> [Task directions]: No pictures, please. Copy exactly the lines from the one with "36w 1800mm |" through the final line below.

> [Data]:
-=-=-
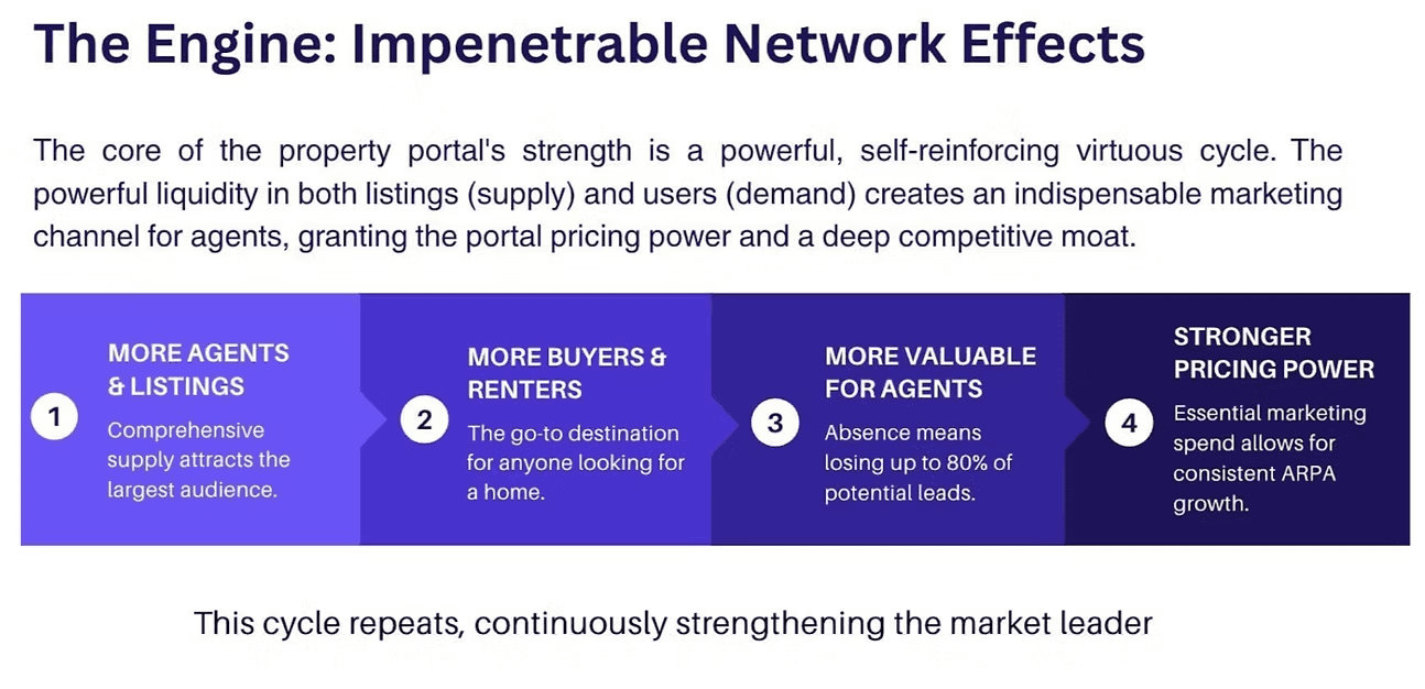 At their core, property portals thrive on a two-sided network effect. Buyers congregate on the site with the most listings, while sellers (agents, developers, or homeowners) want to list where the buyers are. This self-reinforcing loop creates a liquidity density that is defensible not just at the national level but usually within every local micro-market. Once one platform establishes dominance, it becomes the de facto “digital utility” for property search. Brand, consumer habit, and the power of data compound to create a fortress.
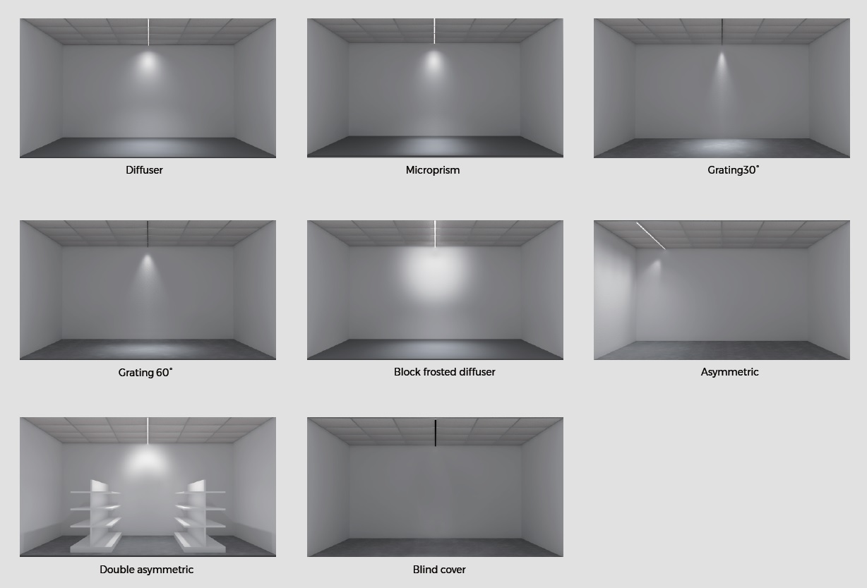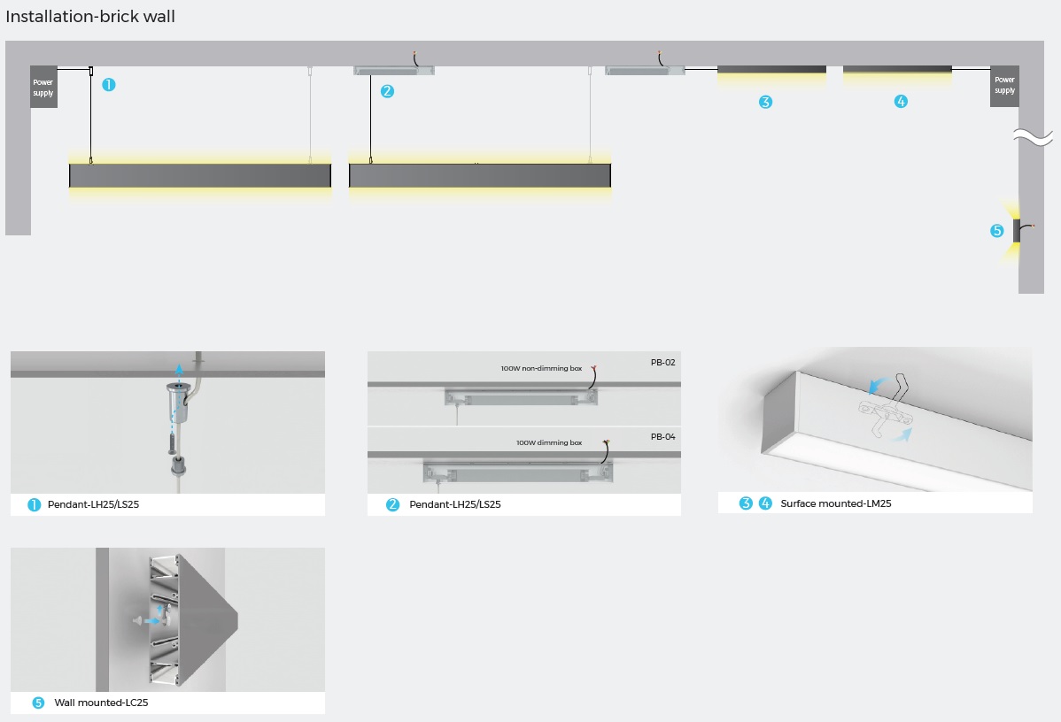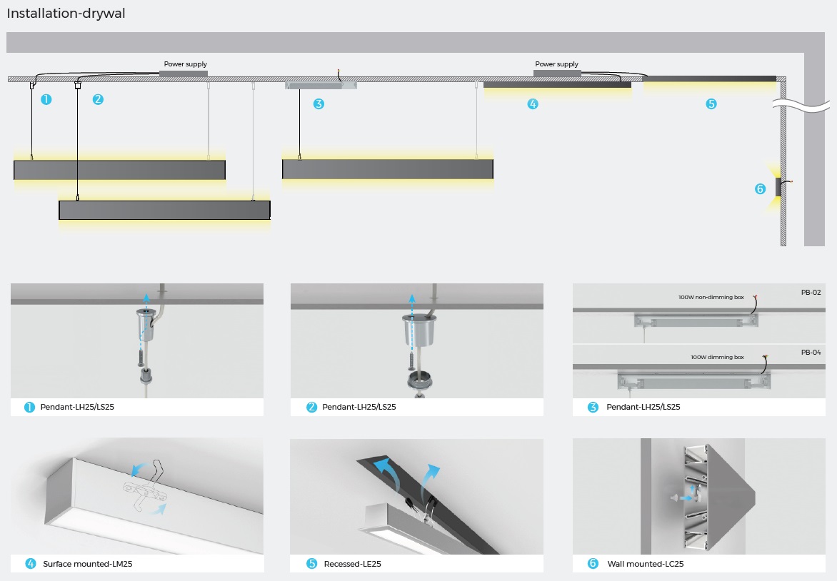 | LS 25 suspended | LS25 12w 600mm, LS25 24w 1200mm, LS25 30w 1500mm, LS25 36w 1800mm |
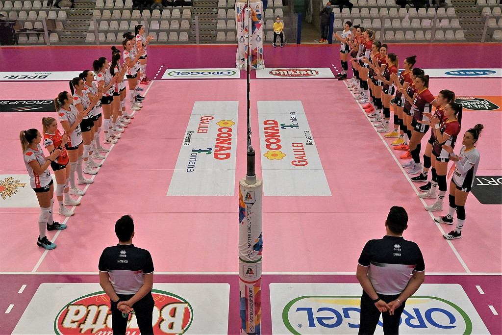 Si ritrovano faccia a faccia le due finaliste di Rimini per una partita però profondamente diversa dall’ultimo atto della passata edizione visti i profondi cambiamenti in rosa, in particolare per Macerata che ritroverà dall’altra parte della rete, oltre a Veronica Taborelli, anche due ex della passata stagione, il libero Veronica Bisconti e la schiacciatrice Morgana Giubilato.
-=-=-
> [Answer to the exercise]:
 | LS 25 suspended | LS25 12w 600mm, LS25 24w 1200mm, LS25 30w 1500mm, LS25 36w 1800mm |
 Si ritrovano faccia a faccia le due finaliste di Rimini per una partita però profondamente diversa dall’ultimo atto della passata edizione visti i profondi cambiamenti in rosa, in particolare per Macerata che ritroverà dall’altra parte della rete, oltre a Veronica Taborelli, anche due ex della passata stagione, il libero Veronica Bisconti e la schiacciatrice Morgana Giubilato.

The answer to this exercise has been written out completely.